QUELLE INFLUENCE SUR LE DÉBAT PRÉSIDENTIEL ?
Mais les faits d'armes des think tanks sont peu nombreux, sans commune mesure avec leur résonance médiatique. Leurs initiateurs admettent qu'ils sont plus passeurs que producteurs d'idées. Faute de moyens suffisants pour commanditer des recherches au long cours, soulignent-ils tous. Le mieux doté, l'Institut Montaigne, a un budget annuel de 3 millions d'euros, grâce aux cotisations d'une petite centaine de grandes entreprises ; Jean-Jaurès, de 2,2 millions, dont deux tiers de subventions publiques ; la Fondapol, de 2,2 millions (deux tiers de subventions, un tiers de cotisations d'entreprises) ; l'Ifrap, de 1 million (presque exclusivement des donateurs privés) ; Terra Nova, de 400 000 à 500 000 euros (à 80 % du mécénat d'entreprises) ; Copernic vit avec 80 000 euros de cotisations individuelles.
Ces budgets (hormis pour Copernic) permettent de publier des études et de financer de petites équipes, de quatre à douze permanents, chargées de faire tourner la machine plus que de l'alimenter en idées, encore moins de faire du lobbying pour les imposer. Les dizaines d'experts qui rédigent des études pour Terra Nova sont bénévoles, alors que l'Institut Montaigne et la Fondapol rémunèrent, peu ou prou, les travaux. Tout cela reste artisanal par rapport aux think tanks allemands (plus de 100 millions d'euros de budget pour la Fondation Friedrich-Ebert) ou américains.
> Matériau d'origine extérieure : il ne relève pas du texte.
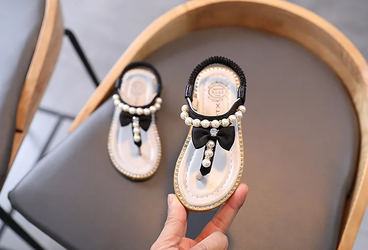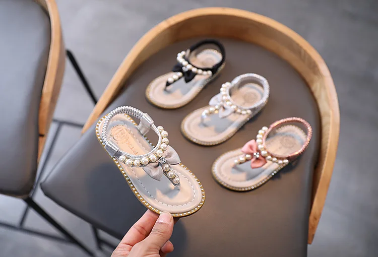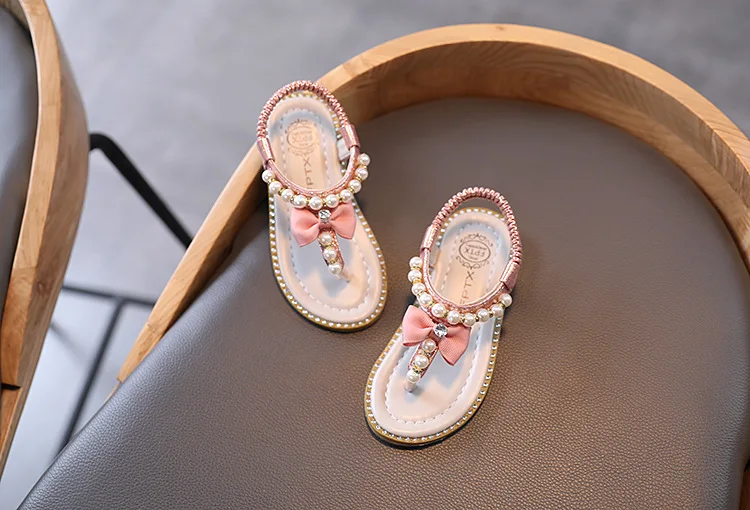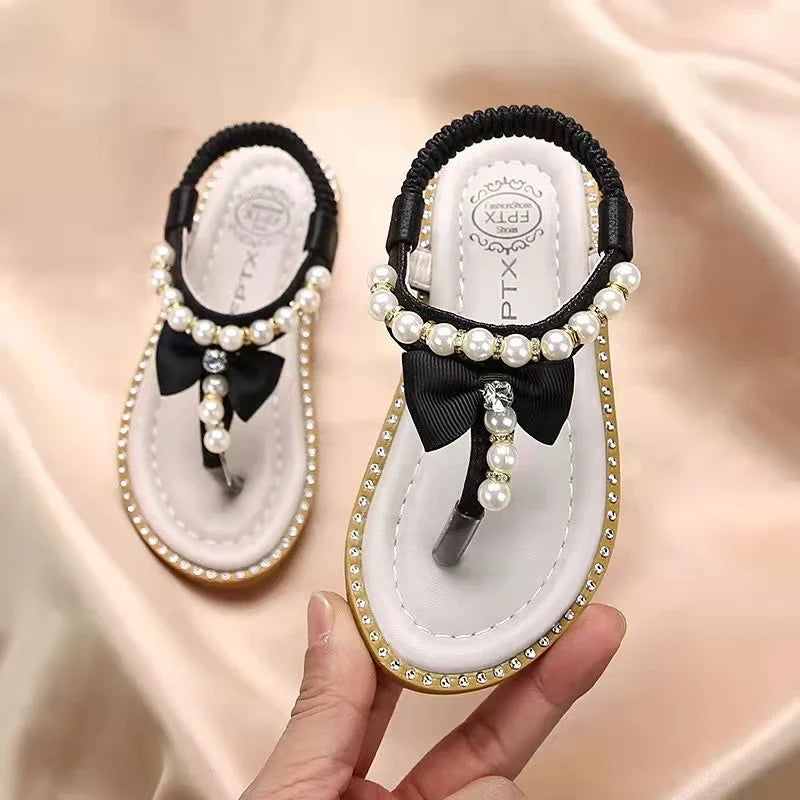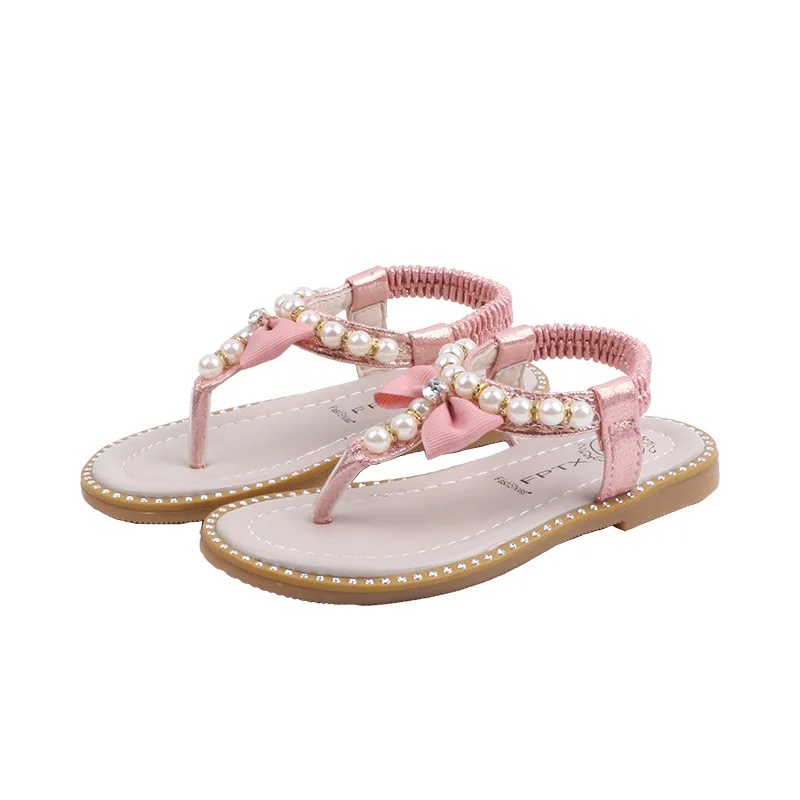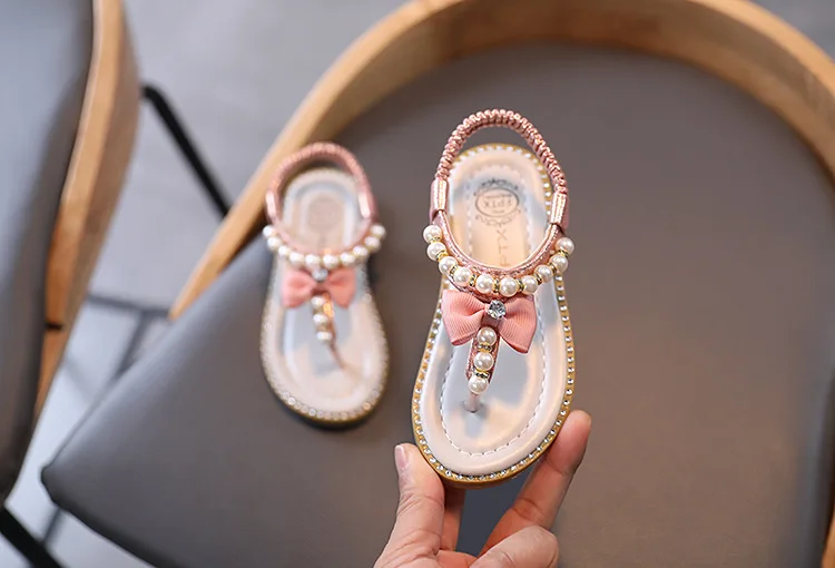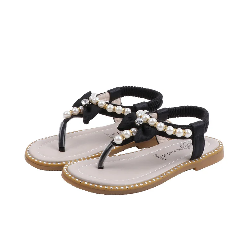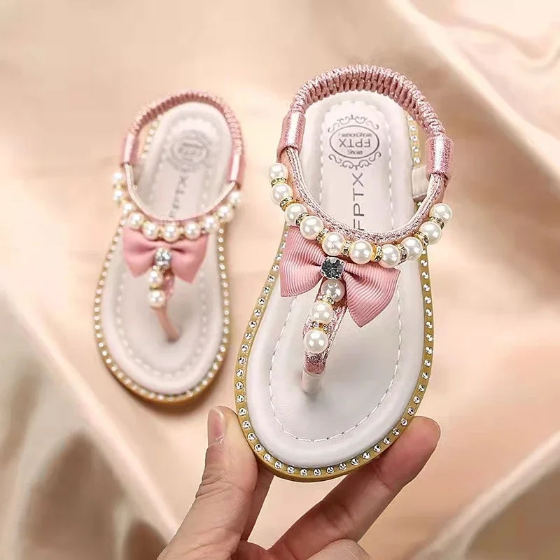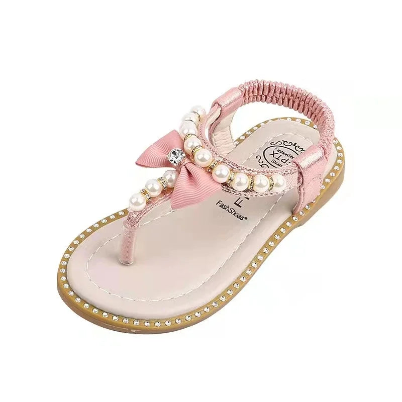 Sweet and Cute Bohemia Girls Sandals with Bow-tie 2024 Summer Children Roman Sandals Beading Flip Flops Beach Shoes Girl F02242

Le seul point commun avec l'étranger n'est pas vraiment positif : ne pas froisser les entreprises qui financent les structures.
Reste à savoir si ces think tanks pèseront sur le débat présidentiel. Ils l'espèrent. Les responsables politiques sont plus dubitatifs, et même distants. "Les clubs, dans les années 1960, ou la Fondation Saint-Simon dans les années 1980, ont été les acteurs d'un renouveau parce qu'ils étaient articulés d'un côté avec la société civile, de l'autre avec la sphère politique. C'est peu le cas des think tanks actuels", estime Pascal Perrineau.
De fait, pour préparer son projet pour 2012, le Parti socialiste a préféré créer son Laboratoire des idées interne, qui a, pendant deux ans, mobilisé de 400 à 500 chercheurs, experts et politiques, bien au-delà du cercle des think tanks. "Le projet et le programme du parti, ça ne se délègue pas", tranche Christian Paul, député de la Nièvre et président de ce "Labo". De son côté, Jean-François Copé, le secrétaire général de l'UMP, a bien créé, début 2011, un Conseil national des think tanks, mais ceux qui ont accepté l'invitation jugent l'initiative décorative. Quant à la ministre de l'écologie et du développement durable, Nathalie Kosciusko-Morizet, elle trouve les think tanks "très académiques et traditionnels. Ce dont nous avons besoin, c'est de produire des intuitions neuves".
Laurent Bigorgne, de l'Institut Montaigne, le dit à sa manière, feutrée et lucide : "Ce qui m'intéresse en 2012, ce n'est pas le mois de mai et la campagne, mais le mois de septembre et l'action du futur gouvernement. C'est à ce moment-là que nous pourrons exercer notre influence." Bon résumé du rôle d'interface, encore expérimental, qu'entendent jouer ces boîtes à idées.